Genetic factors contributing to hematologic conditions or to inter-individual variation in hematologic or immune response parameters may influence host susceptibility to COVID-19 outcomes [20]. Baseline blood cell measurements are influenced by genetics, as well as by long-term environmental, medical, sociodemographic and lifestyle/behavioral factors [21, 22]. Compared to observational studies that assess measured blood cell traits either pre-infection or during acute illness, studies that leverage genetic variants which have been constant for a given individual since birth may be useful in assessing shared genetic architecture and disentangling putative causal relationships between blood cell traits and COVID-19. Therefore, we conducted genetic correlation and two-sample Mendelian randomization (MR) analyses of blood cell phenotypes with SARS-CoV-2 infection and COVID-19 severity using summary statistics from the COVID-19 Host Genetics Initiative (HGI) together with a published genome-wide association study (GWAS) of hematologic traits [23]. Further, we evaluated individual coincident loci from these two analyses.
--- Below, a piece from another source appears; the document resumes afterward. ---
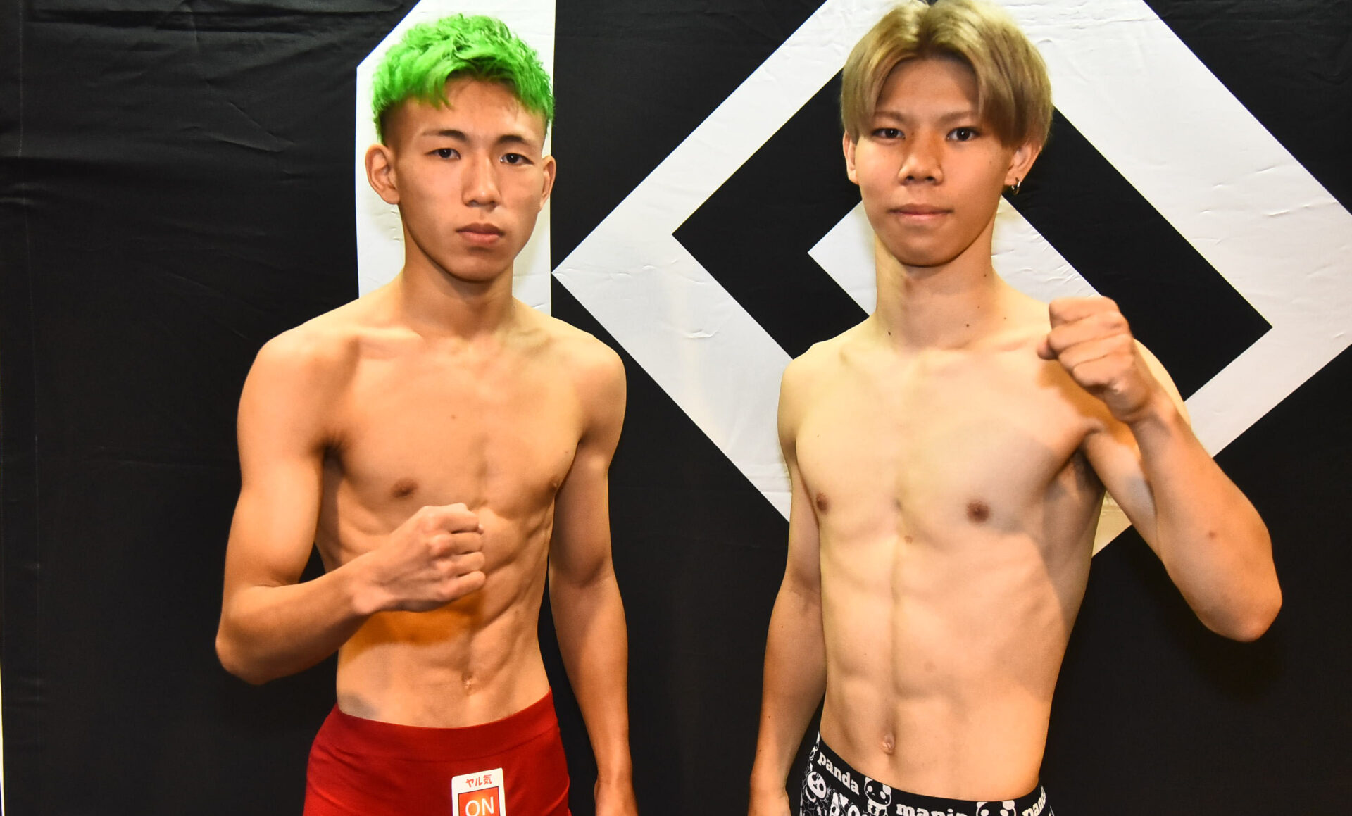 ▼第1試合 KNOCK OUT-BLACKフェザー級(-57.5kg)/3分3R 福田拓海(クロスポイント大泉)=57.15kg vs 山本響己(K&K BOXING CLUB)=56.5kg

These analyses allowed us to investigate whether genetically determined blood cell traits measured prior to disease initiation are related to COVID-19 susceptibility.
Methods
We examined the relationship between measured blood cell indices and COVID-19 traits in two biobank cohorts. Next, we assessed coincidence between GWAS loci associated with SARS-CoV-2 infection or COVID-19 severity and loci identified for blood cell traits. Finally, in order to examine the shared genetic architecture of COVID-19 and hematological traits, we performed a genetic correlation analysis with LD Score Regression [24] and a MR analysis with the Inverse Variant Weighted estimator [25], with MR-Egger [26] and the weighted median estimator also performed as sensitivity analyses. We analyzed publicly available summary statistics for three COVID-19 phenotypes from the HGI: COVID-19 severity as measured by severe respiratory infection (phenotype A2), COVID-19 severity as measured by hospitalization (phenotype B2), and SARS-CoV-2 infection (phenotype C2) [27]. For hematological traits, we utilized summary statistics from the largest GWAS to date of 408,112 European ancestry participants in UKB [23]. We note that all genomic positions throughout this manuscript are from build 37, and all LD calculations are from TOP-LD, [28] unless otherwise noted.
Data
UK Biobank (UKB) Samples from Measured Blood Trait Analyses
UKB (http://www.ukbiobank.ac.uk/resources/) recruited 500,000 people aged between 40–69 years in 2006–2010, establishing a prospective biobank study to understand risk factors for common diseases such as cancer, heart disease, stroke, diabetes, and dementia. Hematological traits were assayed as previously described [21]. Genotyping on custom Axiom arrays and subsequent quality control has been previously described [29]. Samples were also excluded based on factors likely to cause major perturbations in hematological indices: positive pregnancy status, certain drug treatments, cancer self-report, International Classifiers of Disease (ICD9 and ICD10) disease codes, and surgical procedures (Supplementary Table 6). Individuals who withdrew consent were also excluded and only samples with complete data for covariates and phenotypes were included (n= 423,358).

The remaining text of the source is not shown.